TB role in HIV disease gaining clarification

Importance of preventive therapy underscored

Several new studies on the impact of TB on HIV-positive patients help clarify the cause of rapid acceleration of the virus and underscore the importance of preventive TB therapy.

French researchers, studying 620 AIDS patients, found that length of survival was significantly shorter in 120 patients also infected with TB. The difference in survival was found despite the fact that TB did not appear to reduce CD4 count or increase the occurrence of opportunistic infection, according to an article published in the latest issue of the American Journal of Epidemiology.

The decline in survival was so strong that the authors state that TB may be a marker of advanced HIV, and "is a strong predictor of mortality, particularly in patients with CD4 counts of fewer than 200 cells. These findings provide an additional argument for greater use of tuberculosis preventive therapy in HIV-infected patients."

Half of NYC patients lost to follow-up

While TB preventive therapy has become more widespread in high-risk cities, a study presented by researchers from the Centers for Disease Control and Prevention at the Fourth Conference on Retroviruses and Opportunistic Infections in Washington, DC, found that completion rates in New York City were often compromised because nearly half of patients were lost to follow-up care. The researchers called for better strategies to ensure coordination of care and completion of preventive therapy.1

For several years now, researchers have known that tuberculosis increases replication of HIV. A new study, also presented at the conference, has gone a step further and shown that the activation of HIV is associated with high levels of pro-inflammatory cytokines, such as interleukin-10, tumor necrosis-alpha, and interleukin-6. Finding ways to suppress these cytokines may be useful in treating co-infected patients, they say.

"The delicate balance between pro-inflammatory and anti-inflammatory cytokines plays a major role in HIV replication induced by a common pathogen such as TB," says Anthony Fauci, MD, director of the National Institute of Allergy and Infectious Diseases in Bethesda, MD.
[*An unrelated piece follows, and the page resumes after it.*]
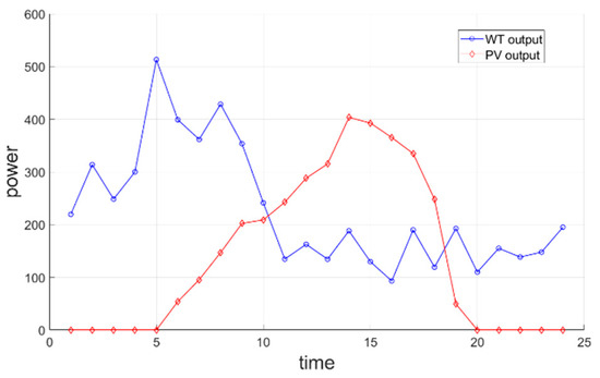 | Time | Light Intensity (W/m2) | Temperature (℃) | Wind Speed (m/s) | PV Output (kW) | WT Output (kW) | Time | Light Intensity (W/m2) | Temperature (℃) | Wind Speed (m/s) | PV Output (kW) | WT Output (kW) |
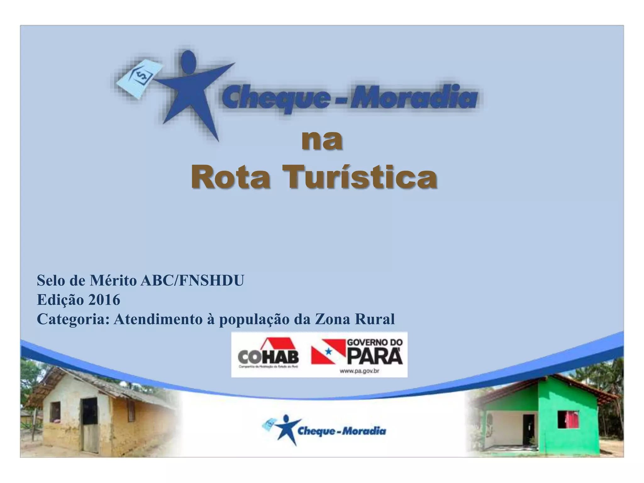 O documento descreve o programa Cheque Moradia, que visa atender famílias em vulnerabilidade social na zona rural da rota turística Belém-Bragança, promovendo a construção de moradias dignas e o desenvolvimento socioeconômico da região. O projeto envolve o apoio interinstitucional e a colaboração de empresas privadas, com foco em 180 famílias em situação de moradia precária. As etapas de execução das obras foram detalhadas, assim como as lições aprendidas sobre a importância da participação da comunidade e da articulação entre diferentes setores.

Suppressive cytokines block TB-induced HIV

NIAID researchers, lead by Delia Goletti, MD, PhD, a former NIAID researcher now working in Italy, found that when you add suppressive cytokines — interleukin-10 and transforming growth factor-beta — TB-induced increase in HIV replication can be blocked. These cytokines appear to inhibit the virus by blocking the activity of pro-inflammatory cytokines and by diminishing the proliferation and activation of HIV-infected cells.2

"Earlier, Goletti showed that for HIV-positive people who had TB, their viral load went up 20-fold during active TB," says Drew Weissman, MD, MPH, a senior fellow at NIAID. "Now we are trying to understand what regulates the virus. It appears that during TB disease cytokines are released, and if you can inhibit them, you can regulate viral replication."

How cytokines can be regulated in vivo is the next step in the research, he says. One potential blocker of proinflammatory cytokines is thalidomide, but so far the drug has not been shown to be effective, Weissman says.

References

1. Sackoff J, Torian L, Vavagiakis P, et al. TB preventive therapy in HIV-infected persons. Presented at the Fourth Conference on Retroviruses and Opportunistic Infections. Abstract # 648. Washington, DC; 1997.

2. Goletti D, et al. Exogenous and endogenous anti-inflammatory cytokines IL-10 and TGF-beta inhibit tuberculosis-induced HIV replication in CD8-depleted peripheral blood mononuclear cells from HIV-infected individuals. Presented at the Fourth National Conference on Retroviruses and Opportunistic Infections. Abstract # 121. Washington, DC; 1997.